Neben der Tatsache, dass es die erste Pizzeria Deutschlands ist, beherbergt das Sabbie di Capri eine Nachbildung der Blauen Grotte im Keller. Zudem beanspruchen die Gründer, den Pizzakarton erfunden zu haben.
Warum begann der Siegeszug der Pizza in Bayern?
Experten vermuten, dass die Einfachheit und Zugänglichkeit der Pizza gut zum bayerischen Wunsch nach unkomplizierter Kost passte. Zudem waren die ersten Kunden US-Soldaten, die bereits mit Pizza vertraut waren.
Gibt es das Sabbie di Capri noch heute?
Ja, das Sabbie di Capri existiert noch heute und wird von neuen Pächtern weitergeführt, die das historische Erbe bewahren.
Wurde der Pizzakarton wirklich im Capri erfunden?
Die Inhaber des Capri beanspruchen diese Erfindung für sich. Es gibt Berichte, die dies untermauern, insbesondere aus der Sendung "Heimat der Rekorde" des Bayerischen Fernsehens. Es ist eine faszinierende Behauptung, die die Innovationskraft des Lokals unterstreicht.

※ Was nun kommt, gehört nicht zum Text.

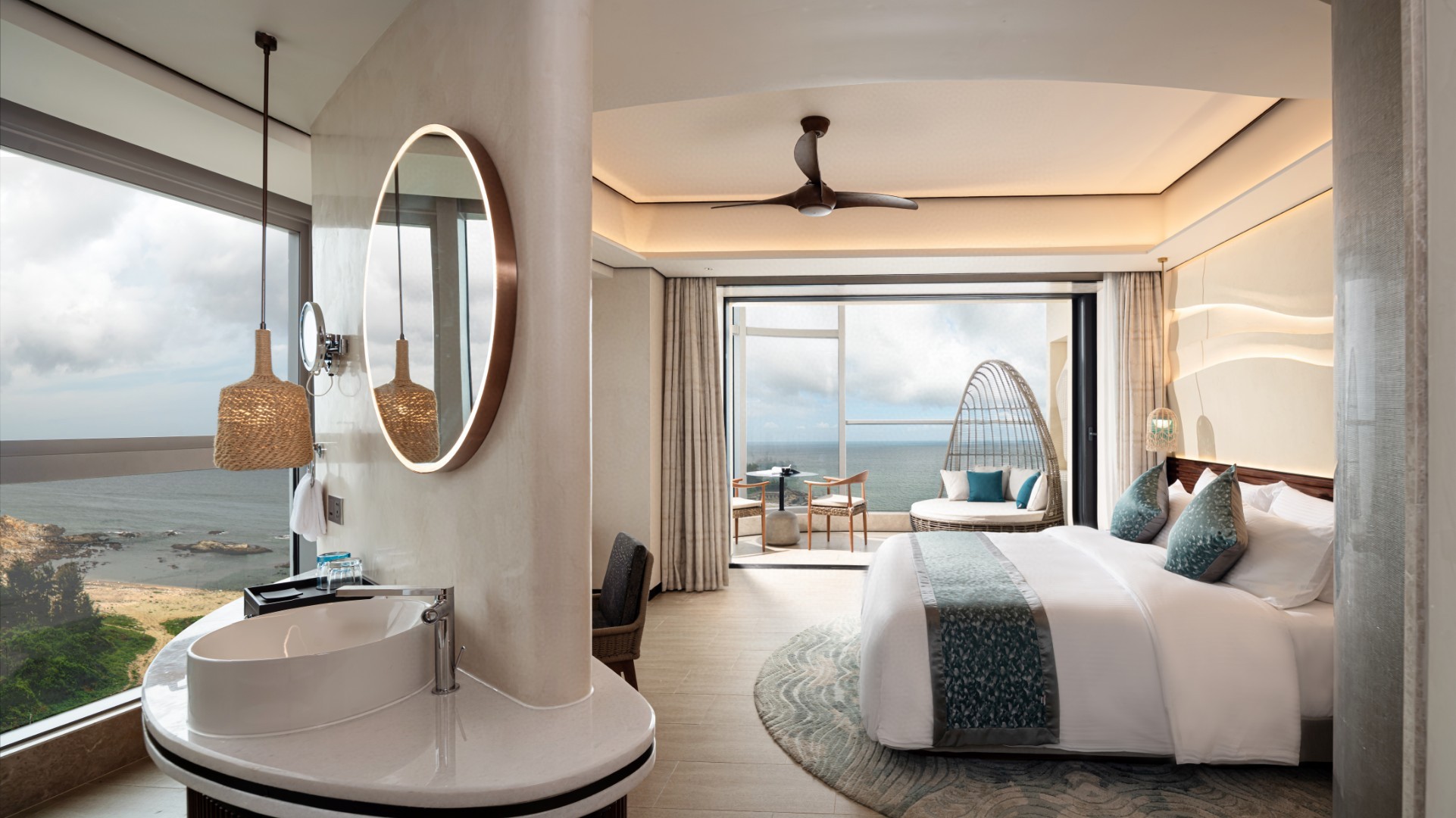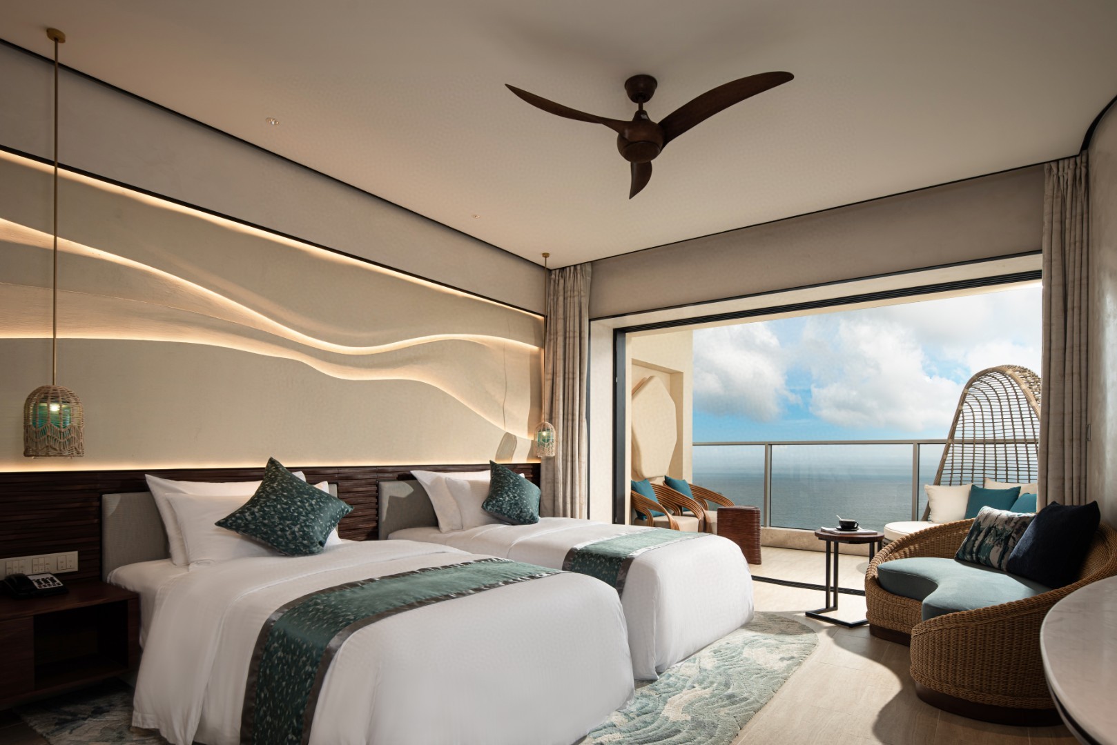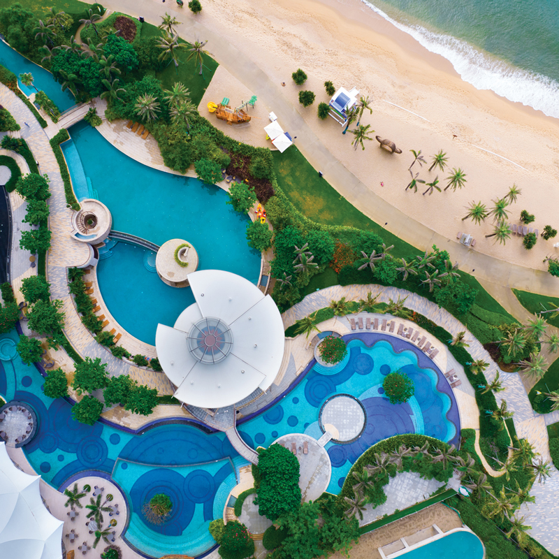 首栋投入运营的【海的银沙】,413间客房和套房,包括正海景客房、全海景套房 、亲子主题套房、萌宠友好客房、空中别墅,为顾客提供全时多维度的新度假生活方式。
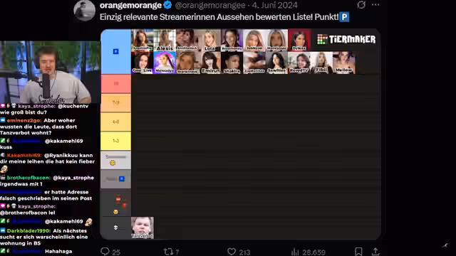 01:12:20Eine weitere drastische Wandlung zeigte sich in Oranges politischen Ansichten. Einst ein Fan von Streamern wie Papa Platte und Hand of Blood, die für vernünftige Werte standen, entwickelte er eine offensichtliche Bewunderung für Alice Weidel von der AfD und Donald Trump. Er äußerte den Wunsch, nach Deutschland zurückzuziehen, sollte Alice Weidel Bundeskanzlerin werden, und rief immer wieder dazu auf, die AfD zu wählen. Seine wiederholten Kommentare über Weidels attraktives Aussehen und Einladungen zu einem Kaffee wurden als unangenehm empfunden. Kritiker vermuteten, dass dies eine Trotzreaktion auf den Hass war, den er nach seinen Casino-Deals erhielt, und dass er bewusst provozieren wollte. Diese politischen Äußerungen, gepaart mit seiner demonstrativen Angeberei, ließen ihn als unreif und rücksichtslos erscheinen. Zudem wurde seine Scheinheiligkeit in Bezug auf andere Influencer deutlich, insbesondere im Umgang mit Tanzverbot. Er provozierte Tanzverbot jahrelang, parodierte dessen emotionale Posts und verbreitete Gerüchte, was schließlich in der Veröffentlichung von Tanzverbots Adresse gipfelte. Diese Handlungen wurden als ekelhaft und schädlich angesehen, da sie das Leben anderer gefährden könnten, während Orange selbst auf Madeira in Sicherheit lebte.
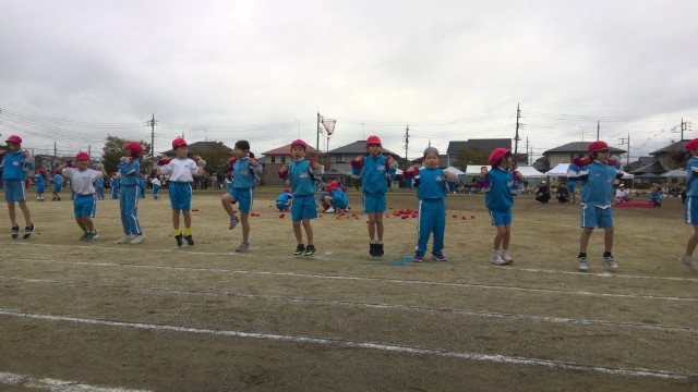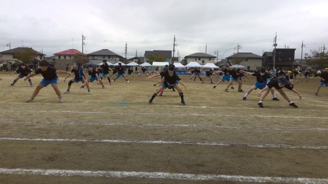 雨がやみ、運動会を行っています。1、2年チェッコリ、3、4年ソーランを行いました。
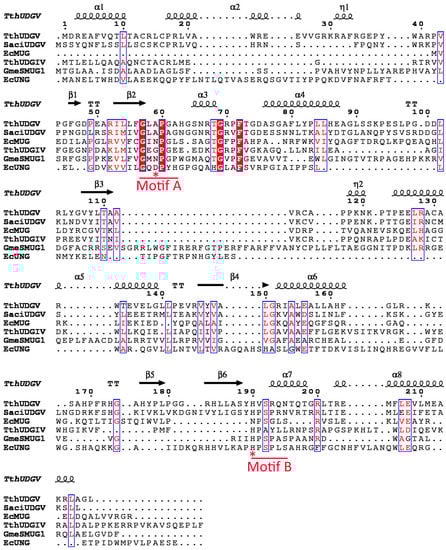 Structure-based sequence alignment of the UDG superfamily. Completely conserved residues among family 1–5 UDGs are boxed with solid lines. The location of the secondary structure elements of TthUDGV is represented at the top of sequences. The conserved motifs A and B are underlined by red lines, and the active residues are marked by red stars. Abbreviations: EcUNG, E. coli UNG; EcMUG, E. coli MUG; GmeSMUG, Geobacter metallireducens SMUG; TthUDGIV, T. thermophilus UDGIV; TthUDGV, T. thermophilus UDGV; and SacUDGV, S. acidocaldarius UDGV. The sequences of the five families’ UDGs were mutialigned using ClustalW and EXPript3.x.

Die Geschichte des Sabbie di Capri ist eine Geschichte von Pioniergeist, Anpassungsfähigkeit und der universellen Anziehungskraft guten Essens. Es ist ein lebendiges Denkmal für den Moment, als Deutschland die Pizza entdeckte und für immer in sein Herz schloss. Ein Besuch in Würzburg ist daher nicht nur eine Reise zu einer schönen Stadt, sondern auch eine kulinarische Zeitreise zu den Ursprüngen der deutschen Pizzakultur.